## WHAT THIS TASK INVOLVES
Please set down only the lines below starting with the line with "На ћирилици написано" and going on through the line with "装备部品及渠道综合服务:该业", verbatim and without pictures.

## GIVEN DATA

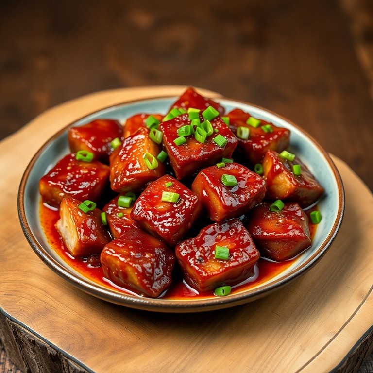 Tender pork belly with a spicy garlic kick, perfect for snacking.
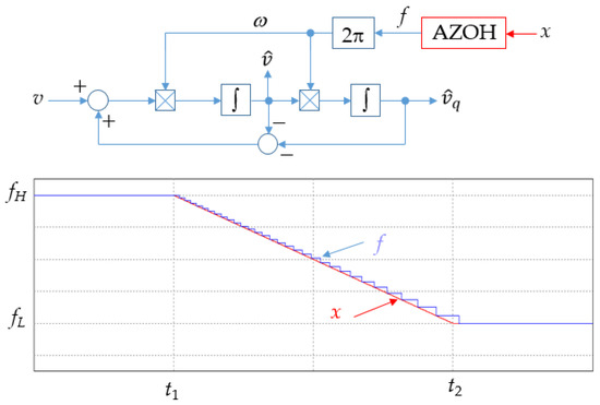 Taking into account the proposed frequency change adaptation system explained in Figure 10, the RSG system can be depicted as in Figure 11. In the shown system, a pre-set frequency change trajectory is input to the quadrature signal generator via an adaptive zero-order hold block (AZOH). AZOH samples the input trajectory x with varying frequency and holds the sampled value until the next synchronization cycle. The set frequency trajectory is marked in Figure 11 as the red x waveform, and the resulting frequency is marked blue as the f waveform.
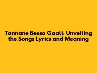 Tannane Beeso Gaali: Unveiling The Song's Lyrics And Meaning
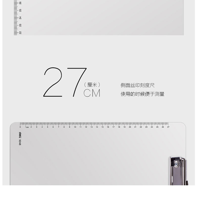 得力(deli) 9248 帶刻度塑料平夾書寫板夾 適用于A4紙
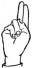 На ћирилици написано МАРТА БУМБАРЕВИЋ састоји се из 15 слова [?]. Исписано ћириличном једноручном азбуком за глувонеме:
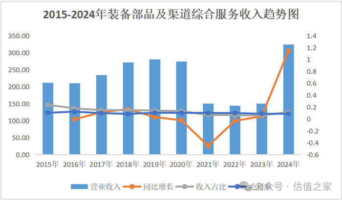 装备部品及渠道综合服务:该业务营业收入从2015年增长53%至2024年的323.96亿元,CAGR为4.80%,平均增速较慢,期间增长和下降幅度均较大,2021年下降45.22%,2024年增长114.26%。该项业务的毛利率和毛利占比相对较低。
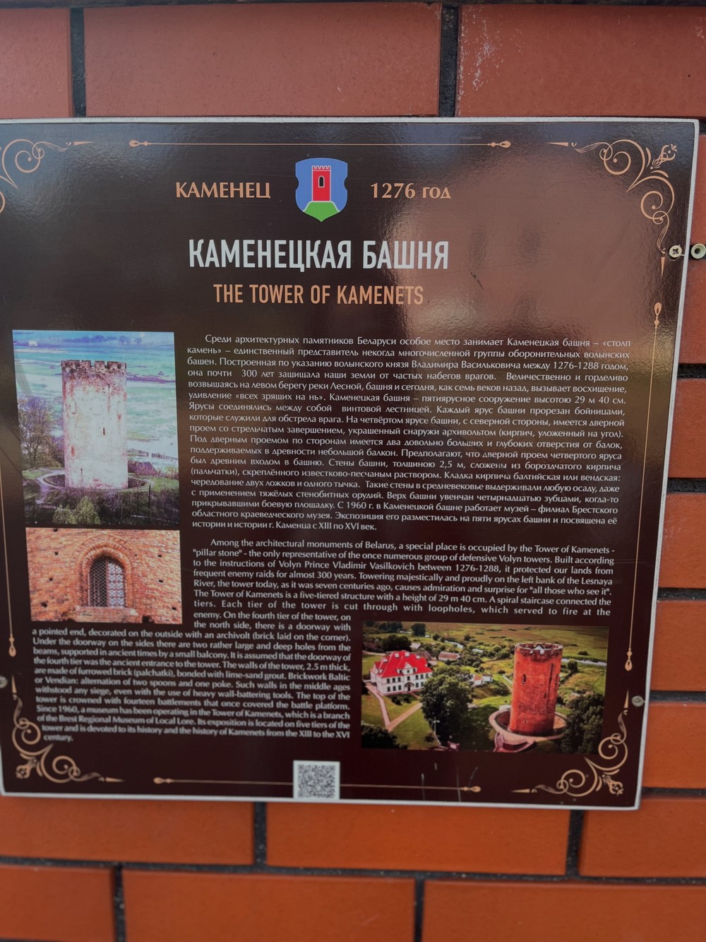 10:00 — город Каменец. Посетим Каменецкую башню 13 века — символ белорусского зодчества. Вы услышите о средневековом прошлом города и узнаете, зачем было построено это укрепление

---

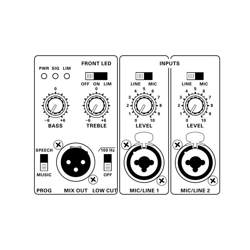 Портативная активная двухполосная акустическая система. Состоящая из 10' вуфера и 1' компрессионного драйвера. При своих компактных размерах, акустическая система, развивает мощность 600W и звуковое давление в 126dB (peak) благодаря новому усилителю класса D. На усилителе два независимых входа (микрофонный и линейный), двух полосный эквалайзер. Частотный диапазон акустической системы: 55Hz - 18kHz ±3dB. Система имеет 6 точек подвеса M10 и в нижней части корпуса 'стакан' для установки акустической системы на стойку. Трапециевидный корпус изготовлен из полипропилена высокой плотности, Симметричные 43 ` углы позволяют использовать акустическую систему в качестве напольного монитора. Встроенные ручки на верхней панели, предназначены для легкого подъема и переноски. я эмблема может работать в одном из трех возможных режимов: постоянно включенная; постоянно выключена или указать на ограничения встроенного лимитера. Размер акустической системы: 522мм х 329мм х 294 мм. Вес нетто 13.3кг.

...

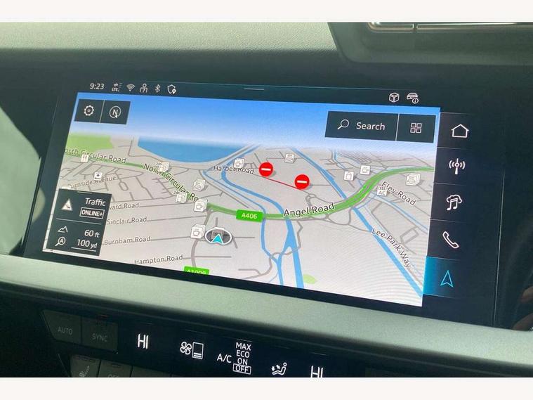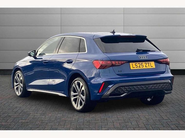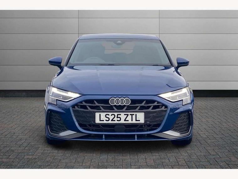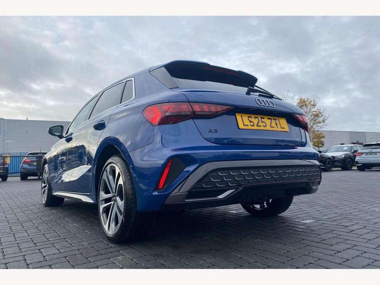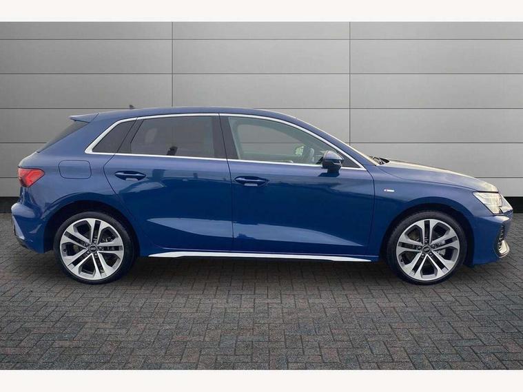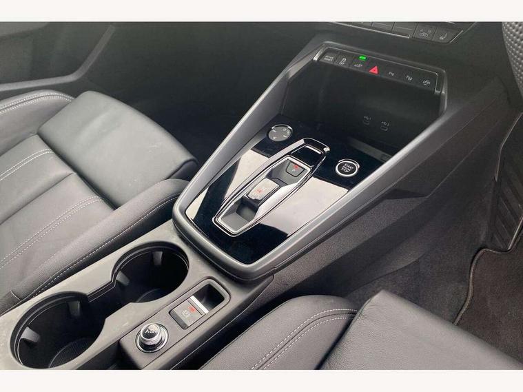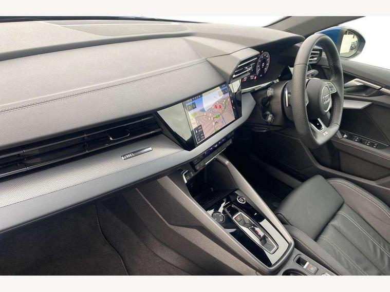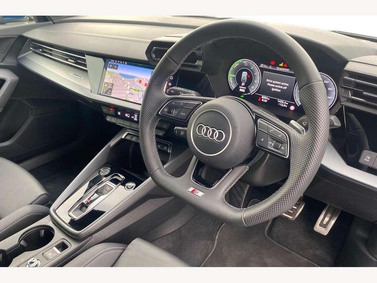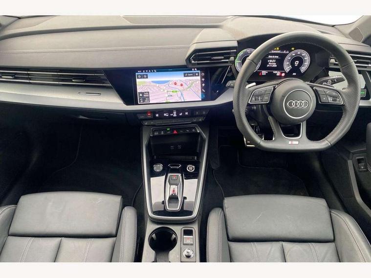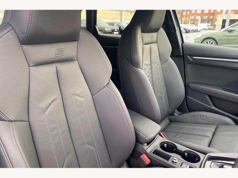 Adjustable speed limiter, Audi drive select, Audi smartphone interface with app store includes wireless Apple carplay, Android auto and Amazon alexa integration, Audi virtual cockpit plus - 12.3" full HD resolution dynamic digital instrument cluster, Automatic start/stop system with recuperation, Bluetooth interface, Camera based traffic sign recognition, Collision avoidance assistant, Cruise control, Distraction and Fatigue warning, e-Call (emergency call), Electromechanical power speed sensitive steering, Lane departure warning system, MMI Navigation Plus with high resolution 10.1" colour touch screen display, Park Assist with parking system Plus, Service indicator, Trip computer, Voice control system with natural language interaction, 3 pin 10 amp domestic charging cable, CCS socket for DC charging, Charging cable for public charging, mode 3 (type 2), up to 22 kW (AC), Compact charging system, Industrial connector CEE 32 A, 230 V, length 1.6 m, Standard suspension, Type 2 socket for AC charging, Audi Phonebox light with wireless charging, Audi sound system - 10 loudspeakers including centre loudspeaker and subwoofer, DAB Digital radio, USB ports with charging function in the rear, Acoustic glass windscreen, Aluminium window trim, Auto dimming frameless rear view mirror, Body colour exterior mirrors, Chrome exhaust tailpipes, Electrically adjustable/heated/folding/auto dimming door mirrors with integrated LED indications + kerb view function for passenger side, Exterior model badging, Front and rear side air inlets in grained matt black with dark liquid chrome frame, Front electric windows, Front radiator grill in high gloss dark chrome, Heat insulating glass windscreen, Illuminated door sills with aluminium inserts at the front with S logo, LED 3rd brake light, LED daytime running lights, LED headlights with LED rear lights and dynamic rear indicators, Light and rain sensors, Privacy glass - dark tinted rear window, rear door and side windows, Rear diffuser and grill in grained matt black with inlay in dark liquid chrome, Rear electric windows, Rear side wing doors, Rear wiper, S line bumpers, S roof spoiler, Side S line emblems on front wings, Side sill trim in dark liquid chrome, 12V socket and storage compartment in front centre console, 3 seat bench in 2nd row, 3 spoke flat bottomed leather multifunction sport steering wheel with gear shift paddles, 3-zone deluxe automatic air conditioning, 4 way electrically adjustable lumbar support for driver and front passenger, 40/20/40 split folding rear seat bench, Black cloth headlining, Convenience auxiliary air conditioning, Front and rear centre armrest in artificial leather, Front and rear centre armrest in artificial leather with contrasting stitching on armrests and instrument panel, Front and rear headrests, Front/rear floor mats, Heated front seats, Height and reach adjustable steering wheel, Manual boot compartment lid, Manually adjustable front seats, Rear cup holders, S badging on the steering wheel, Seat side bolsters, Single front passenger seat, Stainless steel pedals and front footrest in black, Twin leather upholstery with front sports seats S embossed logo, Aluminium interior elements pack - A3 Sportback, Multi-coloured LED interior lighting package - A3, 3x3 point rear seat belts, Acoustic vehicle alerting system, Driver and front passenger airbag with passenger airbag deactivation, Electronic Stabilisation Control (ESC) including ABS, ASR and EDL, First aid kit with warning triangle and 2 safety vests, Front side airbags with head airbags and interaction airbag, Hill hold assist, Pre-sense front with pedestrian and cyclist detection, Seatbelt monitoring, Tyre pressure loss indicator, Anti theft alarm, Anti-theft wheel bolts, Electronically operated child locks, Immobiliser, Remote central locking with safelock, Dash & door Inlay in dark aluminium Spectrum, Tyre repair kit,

## ANSWER TO THE EXERCISE
 На ћирилици написано МАРТА БУМБАРЕВИЋ састоји се из 15 слова [?]. Исписано ћириличном једноручном азбуком за глувонеме:
 装备部品及渠道综合服务:该业务营业收入从2015年增长53%至2024年的323.96亿元,CAGR为4.80%,平均增速较慢,期间增长和下降幅度均较大,2021年下降45.22%,2024年增长114.26%。该项业务的毛利率和毛利占比相对较低。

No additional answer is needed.